• What is expected: Nothing after the line containing "VIN : 4T1C11AK3NU654230" belongs in the answer; write out exactly every line from the start of the material up to it, including it.

• Record excerpts:
○ ○ ○ ○ ○

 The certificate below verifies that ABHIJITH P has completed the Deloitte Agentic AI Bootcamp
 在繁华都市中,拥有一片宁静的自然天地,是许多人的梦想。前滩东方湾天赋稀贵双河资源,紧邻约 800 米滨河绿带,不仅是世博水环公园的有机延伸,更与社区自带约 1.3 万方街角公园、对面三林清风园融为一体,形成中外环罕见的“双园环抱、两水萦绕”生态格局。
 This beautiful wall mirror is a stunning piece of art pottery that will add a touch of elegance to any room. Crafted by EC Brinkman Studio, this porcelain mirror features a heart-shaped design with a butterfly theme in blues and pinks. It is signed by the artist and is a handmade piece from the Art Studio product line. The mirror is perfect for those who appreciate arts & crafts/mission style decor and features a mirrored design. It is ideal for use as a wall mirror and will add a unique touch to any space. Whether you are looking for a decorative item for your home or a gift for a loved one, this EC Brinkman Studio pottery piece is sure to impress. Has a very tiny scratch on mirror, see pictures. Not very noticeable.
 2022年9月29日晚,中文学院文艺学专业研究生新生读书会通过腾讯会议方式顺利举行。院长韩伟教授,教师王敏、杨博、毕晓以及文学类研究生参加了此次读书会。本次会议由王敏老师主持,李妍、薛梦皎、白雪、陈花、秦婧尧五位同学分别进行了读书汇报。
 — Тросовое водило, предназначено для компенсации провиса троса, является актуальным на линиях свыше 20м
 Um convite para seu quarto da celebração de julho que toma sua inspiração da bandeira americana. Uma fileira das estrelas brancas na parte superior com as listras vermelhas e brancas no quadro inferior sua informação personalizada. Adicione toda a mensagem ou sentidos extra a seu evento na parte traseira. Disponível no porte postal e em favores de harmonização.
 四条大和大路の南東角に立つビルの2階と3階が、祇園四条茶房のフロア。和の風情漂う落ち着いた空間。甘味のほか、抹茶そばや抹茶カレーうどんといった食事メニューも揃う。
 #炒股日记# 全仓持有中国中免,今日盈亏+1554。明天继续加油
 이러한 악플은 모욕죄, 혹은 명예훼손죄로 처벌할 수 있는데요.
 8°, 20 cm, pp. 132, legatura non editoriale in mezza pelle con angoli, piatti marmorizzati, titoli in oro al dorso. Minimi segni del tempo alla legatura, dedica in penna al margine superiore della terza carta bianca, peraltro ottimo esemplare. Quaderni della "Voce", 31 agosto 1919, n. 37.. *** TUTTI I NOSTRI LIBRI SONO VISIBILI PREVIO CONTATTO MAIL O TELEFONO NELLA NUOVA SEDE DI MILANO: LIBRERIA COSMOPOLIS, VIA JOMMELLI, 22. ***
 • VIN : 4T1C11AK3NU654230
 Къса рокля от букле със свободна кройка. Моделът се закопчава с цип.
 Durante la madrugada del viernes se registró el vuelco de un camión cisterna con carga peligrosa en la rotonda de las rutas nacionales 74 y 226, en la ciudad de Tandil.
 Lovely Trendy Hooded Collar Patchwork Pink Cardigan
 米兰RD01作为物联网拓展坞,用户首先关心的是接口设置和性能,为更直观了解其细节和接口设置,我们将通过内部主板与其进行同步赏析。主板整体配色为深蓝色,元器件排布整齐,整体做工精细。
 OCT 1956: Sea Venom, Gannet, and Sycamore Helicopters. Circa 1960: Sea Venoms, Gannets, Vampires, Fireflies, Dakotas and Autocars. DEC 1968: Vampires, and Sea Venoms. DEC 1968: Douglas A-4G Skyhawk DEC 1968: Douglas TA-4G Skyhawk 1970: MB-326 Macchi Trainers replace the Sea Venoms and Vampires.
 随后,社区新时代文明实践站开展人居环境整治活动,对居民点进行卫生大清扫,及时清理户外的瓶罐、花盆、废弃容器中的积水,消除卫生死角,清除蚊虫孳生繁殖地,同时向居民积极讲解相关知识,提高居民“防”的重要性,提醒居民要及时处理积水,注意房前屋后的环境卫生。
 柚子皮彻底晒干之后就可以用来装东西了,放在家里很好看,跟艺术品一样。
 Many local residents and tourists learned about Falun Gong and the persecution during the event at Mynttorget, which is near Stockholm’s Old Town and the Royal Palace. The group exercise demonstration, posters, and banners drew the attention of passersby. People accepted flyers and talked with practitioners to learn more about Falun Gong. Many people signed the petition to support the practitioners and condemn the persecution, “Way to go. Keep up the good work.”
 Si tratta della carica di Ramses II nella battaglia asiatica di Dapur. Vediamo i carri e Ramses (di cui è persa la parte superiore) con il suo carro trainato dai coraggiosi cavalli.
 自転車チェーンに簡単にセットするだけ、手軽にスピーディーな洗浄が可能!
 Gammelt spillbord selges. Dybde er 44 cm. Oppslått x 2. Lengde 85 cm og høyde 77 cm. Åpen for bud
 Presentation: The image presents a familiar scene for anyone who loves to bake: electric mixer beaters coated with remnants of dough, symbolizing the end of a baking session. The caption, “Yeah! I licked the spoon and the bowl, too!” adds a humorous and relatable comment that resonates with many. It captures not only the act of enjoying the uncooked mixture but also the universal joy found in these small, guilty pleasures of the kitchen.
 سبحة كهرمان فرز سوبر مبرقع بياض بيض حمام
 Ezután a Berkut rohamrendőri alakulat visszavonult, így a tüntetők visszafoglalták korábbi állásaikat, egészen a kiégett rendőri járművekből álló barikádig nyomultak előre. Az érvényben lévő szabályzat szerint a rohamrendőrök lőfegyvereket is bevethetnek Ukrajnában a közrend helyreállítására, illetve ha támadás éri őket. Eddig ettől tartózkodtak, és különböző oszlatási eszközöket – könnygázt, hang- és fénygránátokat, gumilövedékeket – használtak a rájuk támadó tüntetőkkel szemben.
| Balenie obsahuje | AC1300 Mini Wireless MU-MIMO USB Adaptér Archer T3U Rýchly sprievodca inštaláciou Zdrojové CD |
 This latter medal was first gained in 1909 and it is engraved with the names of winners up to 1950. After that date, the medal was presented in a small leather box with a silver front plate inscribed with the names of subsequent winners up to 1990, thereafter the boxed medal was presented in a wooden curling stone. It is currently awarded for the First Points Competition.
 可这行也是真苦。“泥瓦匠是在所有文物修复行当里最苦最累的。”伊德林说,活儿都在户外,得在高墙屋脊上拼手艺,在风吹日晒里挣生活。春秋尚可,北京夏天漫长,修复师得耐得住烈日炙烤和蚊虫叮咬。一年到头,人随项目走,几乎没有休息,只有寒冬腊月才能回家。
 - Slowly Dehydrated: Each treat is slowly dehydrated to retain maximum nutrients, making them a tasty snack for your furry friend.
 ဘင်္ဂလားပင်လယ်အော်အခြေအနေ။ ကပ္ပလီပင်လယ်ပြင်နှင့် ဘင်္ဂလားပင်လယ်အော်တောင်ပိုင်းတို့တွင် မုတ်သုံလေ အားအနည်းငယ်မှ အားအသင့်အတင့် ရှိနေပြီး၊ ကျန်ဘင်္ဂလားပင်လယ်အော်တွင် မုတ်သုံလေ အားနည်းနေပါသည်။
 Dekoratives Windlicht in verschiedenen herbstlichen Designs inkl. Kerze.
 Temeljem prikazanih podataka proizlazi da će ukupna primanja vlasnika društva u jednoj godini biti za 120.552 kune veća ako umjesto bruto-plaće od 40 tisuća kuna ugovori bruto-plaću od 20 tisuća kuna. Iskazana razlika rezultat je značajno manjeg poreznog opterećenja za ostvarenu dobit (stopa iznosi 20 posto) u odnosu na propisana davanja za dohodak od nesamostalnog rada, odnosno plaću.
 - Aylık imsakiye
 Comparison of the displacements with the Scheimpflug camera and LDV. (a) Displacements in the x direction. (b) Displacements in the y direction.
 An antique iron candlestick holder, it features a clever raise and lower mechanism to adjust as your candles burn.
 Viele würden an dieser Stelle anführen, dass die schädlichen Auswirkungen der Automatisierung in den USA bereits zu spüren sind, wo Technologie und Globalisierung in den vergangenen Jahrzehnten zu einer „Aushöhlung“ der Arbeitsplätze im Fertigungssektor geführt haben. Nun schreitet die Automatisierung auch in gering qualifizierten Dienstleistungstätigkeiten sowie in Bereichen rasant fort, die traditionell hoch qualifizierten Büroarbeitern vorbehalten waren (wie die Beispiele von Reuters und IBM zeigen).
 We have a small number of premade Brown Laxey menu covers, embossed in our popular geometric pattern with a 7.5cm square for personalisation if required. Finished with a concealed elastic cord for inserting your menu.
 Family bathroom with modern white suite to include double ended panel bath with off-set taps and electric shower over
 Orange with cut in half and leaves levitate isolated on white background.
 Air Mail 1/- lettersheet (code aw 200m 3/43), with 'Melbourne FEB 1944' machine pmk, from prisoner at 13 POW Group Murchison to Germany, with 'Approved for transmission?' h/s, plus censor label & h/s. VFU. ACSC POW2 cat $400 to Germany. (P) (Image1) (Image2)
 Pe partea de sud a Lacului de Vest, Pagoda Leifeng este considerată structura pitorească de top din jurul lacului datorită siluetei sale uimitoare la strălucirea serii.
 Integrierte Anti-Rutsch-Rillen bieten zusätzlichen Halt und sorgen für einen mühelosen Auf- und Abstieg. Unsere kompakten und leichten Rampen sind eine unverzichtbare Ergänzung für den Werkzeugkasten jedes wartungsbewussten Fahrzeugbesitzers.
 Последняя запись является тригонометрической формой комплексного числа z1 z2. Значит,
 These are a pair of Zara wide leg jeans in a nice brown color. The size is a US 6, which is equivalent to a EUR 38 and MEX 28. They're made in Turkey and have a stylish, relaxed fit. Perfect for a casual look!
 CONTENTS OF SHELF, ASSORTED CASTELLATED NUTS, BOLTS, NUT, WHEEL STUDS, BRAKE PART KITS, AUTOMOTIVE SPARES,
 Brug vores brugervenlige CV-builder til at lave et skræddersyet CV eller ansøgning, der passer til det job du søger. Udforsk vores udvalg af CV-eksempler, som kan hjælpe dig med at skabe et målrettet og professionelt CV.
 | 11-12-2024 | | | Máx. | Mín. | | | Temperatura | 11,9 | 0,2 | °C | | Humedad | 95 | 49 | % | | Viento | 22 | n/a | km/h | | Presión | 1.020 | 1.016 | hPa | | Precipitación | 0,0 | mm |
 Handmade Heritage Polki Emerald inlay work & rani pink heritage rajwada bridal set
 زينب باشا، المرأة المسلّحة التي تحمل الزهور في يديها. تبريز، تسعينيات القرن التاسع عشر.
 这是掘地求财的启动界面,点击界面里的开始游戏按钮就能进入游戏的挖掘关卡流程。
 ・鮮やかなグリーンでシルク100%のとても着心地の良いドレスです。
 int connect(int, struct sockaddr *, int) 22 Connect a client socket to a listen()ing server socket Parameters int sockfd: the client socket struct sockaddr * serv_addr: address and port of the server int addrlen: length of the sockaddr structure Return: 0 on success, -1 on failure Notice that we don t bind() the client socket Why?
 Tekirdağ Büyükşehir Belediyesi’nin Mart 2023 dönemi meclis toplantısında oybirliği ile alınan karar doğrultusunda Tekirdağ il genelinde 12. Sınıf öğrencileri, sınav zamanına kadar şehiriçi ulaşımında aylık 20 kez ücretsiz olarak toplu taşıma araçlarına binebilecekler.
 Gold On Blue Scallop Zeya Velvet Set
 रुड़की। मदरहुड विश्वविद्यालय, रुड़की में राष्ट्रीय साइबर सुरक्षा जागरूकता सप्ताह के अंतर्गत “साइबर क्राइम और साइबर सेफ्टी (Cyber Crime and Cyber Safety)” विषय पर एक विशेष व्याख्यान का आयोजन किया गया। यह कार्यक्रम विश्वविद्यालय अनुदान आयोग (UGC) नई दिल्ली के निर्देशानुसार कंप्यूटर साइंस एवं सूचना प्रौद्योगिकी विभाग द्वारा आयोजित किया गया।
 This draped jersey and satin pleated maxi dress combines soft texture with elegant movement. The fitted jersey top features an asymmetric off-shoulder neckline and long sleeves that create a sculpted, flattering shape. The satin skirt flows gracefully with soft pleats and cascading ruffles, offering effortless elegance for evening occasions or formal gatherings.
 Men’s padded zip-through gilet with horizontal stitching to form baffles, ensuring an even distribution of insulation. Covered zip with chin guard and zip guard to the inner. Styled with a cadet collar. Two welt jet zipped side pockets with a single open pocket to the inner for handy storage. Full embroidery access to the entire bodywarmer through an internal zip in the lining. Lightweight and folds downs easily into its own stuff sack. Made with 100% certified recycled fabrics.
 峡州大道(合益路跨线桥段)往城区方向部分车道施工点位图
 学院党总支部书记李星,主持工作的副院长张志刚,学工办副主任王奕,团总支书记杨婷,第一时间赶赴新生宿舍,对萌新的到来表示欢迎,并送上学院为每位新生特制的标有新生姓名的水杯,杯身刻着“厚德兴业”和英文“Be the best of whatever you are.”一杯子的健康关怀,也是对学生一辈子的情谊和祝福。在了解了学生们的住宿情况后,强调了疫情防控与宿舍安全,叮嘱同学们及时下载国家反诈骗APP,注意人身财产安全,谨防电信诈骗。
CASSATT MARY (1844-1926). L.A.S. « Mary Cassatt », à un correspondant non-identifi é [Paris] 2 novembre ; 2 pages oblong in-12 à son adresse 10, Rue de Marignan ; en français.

○ ○ ○ ○ ○

• Answer area:
 The certificate below verifies that ABHIJITH P has completed the Deloitte Agentic AI Bootcamp
 在繁华都市中,拥有一片宁静的自然天地,是许多人的梦想。前滩东方湾天赋稀贵双河资源,紧邻约 800 米滨河绿带,不仅是世博水环公园的有机延伸,更与社区自带约 1.3 万方街角公园、对面三林清风园融为一体,形成中外环罕见的“双园环抱、两水萦绕”生态格局。
 This beautiful wall mirror is a stunning piece of art pottery that will add a touch of elegance to any room. Crafted by EC Brinkman Studio, this porcelain mirror features a heart-shaped design with a butterfly theme in blues and pinks. It is signed by the artist and is a handmade piece from the Art Studio product line. The mirror is perfect for those who appreciate arts & crafts/mission style decor and features a mirrored design. It is ideal for use as a wall mirror and will add a unique touch to any space. Whether you are looking for a decorative item for your home or a gift for a loved one, this EC Brinkman Studio pottery piece is sure to impress. Has a very tiny scratch on mirror, see pictures. Not very noticeable.
 2022年9月29日晚,中文学院文艺学专业研究生新生读书会通过腾讯会议方式顺利举行。院长韩伟教授,教师王敏、杨博、毕晓以及文学类研究生参加了此次读书会。本次会议由王敏老师主持,李妍、薛梦皎、白雪、陈花、秦婧尧五位同学分别进行了读书汇报。
 — Тросовое водило, предназначено для компенсации провиса троса, является актуальным на линиях свыше 20м
 Um convite para seu quarto da celebração de julho que toma sua inspiração da bandeira americana. Uma fileira das estrelas brancas na parte superior com as listras vermelhas e brancas no quadro inferior sua informação personalizada. Adicione toda a mensagem ou sentidos extra a seu evento na parte traseira. Disponível no porte postal e em favores de harmonização.
 四条大和大路の南東角に立つビルの2階と3階が、祇園四条茶房のフロア。和の風情漂う落ち着いた空間。甘味のほか、抹茶そばや抹茶カレーうどんといった食事メニューも揃う。
 #炒股日记# 全仓持有中国中免,今日盈亏+1554。明天继续加油
 이러한 악플은 모욕죄, 혹은 명예훼손죄로 처벌할 수 있는데요.
 8°, 20 cm, pp. 132, legatura non editoriale in mezza pelle con angoli, piatti marmorizzati, titoli in oro al dorso. Minimi segni del tempo alla legatura, dedica in penna al margine superiore della terza carta bianca, peraltro ottimo esemplare. Quaderni della "Voce", 31 agosto 1919, n. 37.. *** TUTTI I NOSTRI LIBRI SONO VISIBILI PREVIO CONTATTO MAIL O TELEFONO NELLA NUOVA SEDE DI MILANO: LIBRERIA COSMOPOLIS, VIA JOMMELLI, 22. ***
 • VIN : 4T1C11AK3NU654230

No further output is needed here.